Interestingly, Laguna is the fifth vote-richest province in the country with 1.5 million voters.  

Aquino made the call just two days after Rappler released a report on a Pulse Asia survey, showing Vice-President Jejomar Binay as the overwhelming choice for president with 40% of respondents naming him as their first choice if elections were held today.

Interior Secretary Manuel “Mar” Roxas II, the likely standard-bearer of the ruling Liberal Party in 2016, obtained 6% and was ranked number 5 in the survey.

Booming electronics industry

On Labor Day, Aquino visited various manufacturing facilities in Laguna, where the industry’s revitalization has been most evident in recent years.

Among the achievements emphasized by the President during his speech were related to improvements in the manufacturing industry and job generation.

Aquino pointed to the success of the Technical Education and Skills Development Authority’s Training for Work Scholarship Program (TWSP).
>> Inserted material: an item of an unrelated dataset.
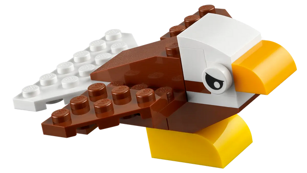 - Build a toy bald eagle, cactus, parrot, baby crocodile, orca, lion, palm tree, giraffe, red bus, kangaroo with joey, brown bear, Asian house, penguin with chick and fish, sailing boat and an airplane!
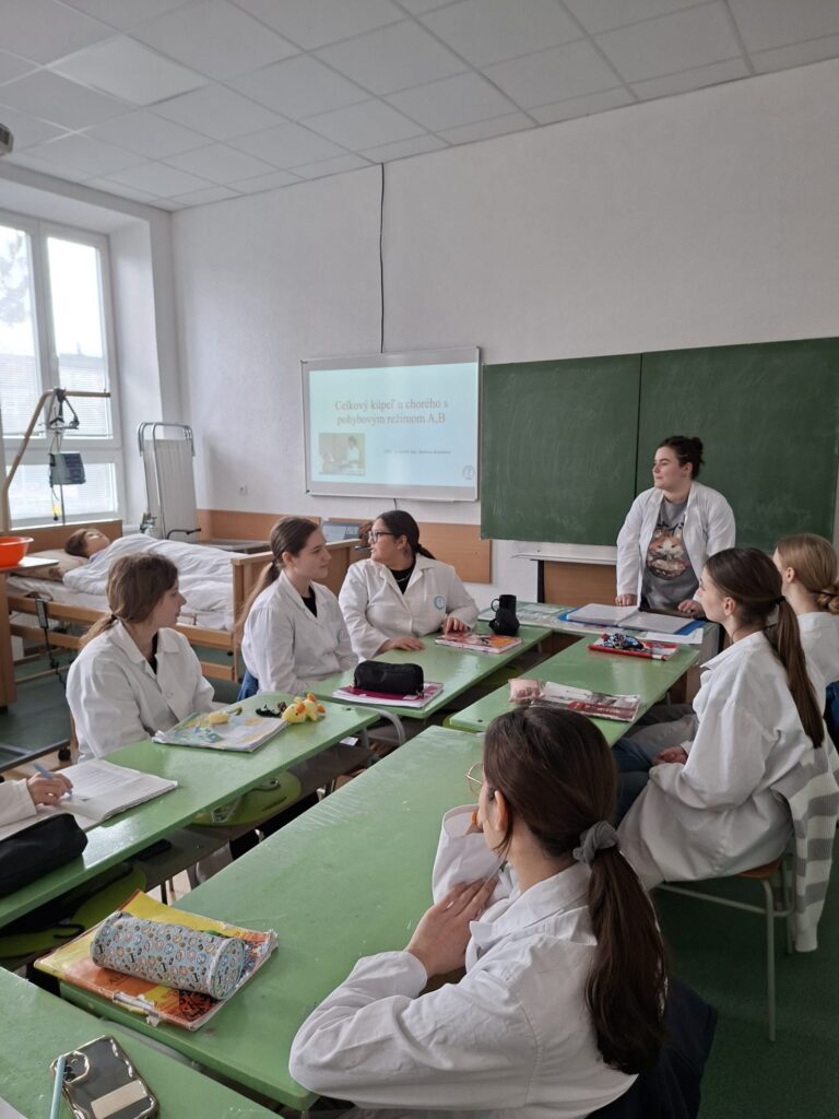 I tento rok sme Deň učiteľov oslávili netradične. Namiesto jedného dňa osláv sme si dopriali rovno celých päť dní veľkej výmeny. Od pondelka až do piatku si žiaci a učitelia vymenili svoje roly. Odvážni dobrovoľníci si pripravili hodiny chémie, slovenského a anglického jazyka, dejepisu, anatómie a fyziológie, patológie, ošetrovateľstva, ošetrovateľských techník i telesnej výchovy. Zatiaľ čo sa učitelia s úsmevom usádzali do lavíc, novopečení pedagógovia z radov žiakov zažívali krst ohňom. Tento týždeň však nebol len o zábave, ale najmä o vzájomnom pochopení a rešpekte. Nezabúdajme na to, že sa učíme jeden od druhého.

He said in 2013, 130 scholars trained at Testech Incororated, 113 of whom were hired.

The program also trained 100 scholars at Integrated Microelectronic Incorporated, and 400 at Alliance Mansols Incorporated, all of whom were employed.

The 3 companies are from the electronics and semiconductor industry, all of which Aquino visited.
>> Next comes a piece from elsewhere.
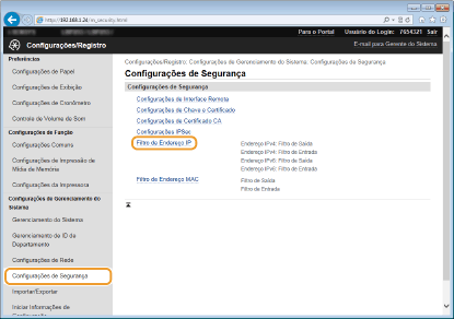 Se os endereços IP forem digitados incorretamente, provavelmente, você não poderá acessar a máquina da Interface Remota, que nesse caso, você precisará definir <Filtro de Endereço IPv4> ou <Filtro de Endereço IPv6> para <Desativado>. Filtro de Endereço IPv4 Filtro de Endereço IPv6

“You see, we just did what was right. We talked to investors honestly, and the result: 91.43% employment rate at the semiconductors and electronic industry – just a little more and we will reach 100%,” he said.
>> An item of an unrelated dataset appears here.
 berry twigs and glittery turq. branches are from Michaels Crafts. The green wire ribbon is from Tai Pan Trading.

“This is just proof that when Filipinos are given the right chances, they will truly shine, which contributes to their personal and the country’s success.”

The President also said that because of the program’s success, the scholars under the TWSP for the semiconductor and electronics industries have increased in 2014. He believed this is fitting, since the industry itself is growing, as is the need for more employees.

Other reforms planned by the Aquino administration include an electronic industry roadmap for the country which aims to improve product innovation, strengthening the industry’s manufacturing capability, and finding solutions to the current problems of the electronics industry. 

“This is all part of a strategy to make permanent the progress we all seek,” he said. 

Aquino also vowed to continue focusing on the labor sector, which he said has significant effects on growing the economy and reducing poverty. In 2013, Aquino said manufacturing’s contribution to the national economy increased by 22.8%.

A large portion of that was due to the electronics industry, he said, with 40.4% of the country’s exports worth $53.98 billion coming from the industry. He also said electronics exports accounted for about 18.6% of the country’s gross domestic product (GDP).

“All our projects in the straight and narrow path – from agriculture, to infrastructure, to tourism, even public service – every initiative of ours in the past years, according to NEDA (National Economic and Development Authority), will decrease the number of Filipinos under the poverty line by 3 percentage points from the first semester of 2012, towards 2013,” he said.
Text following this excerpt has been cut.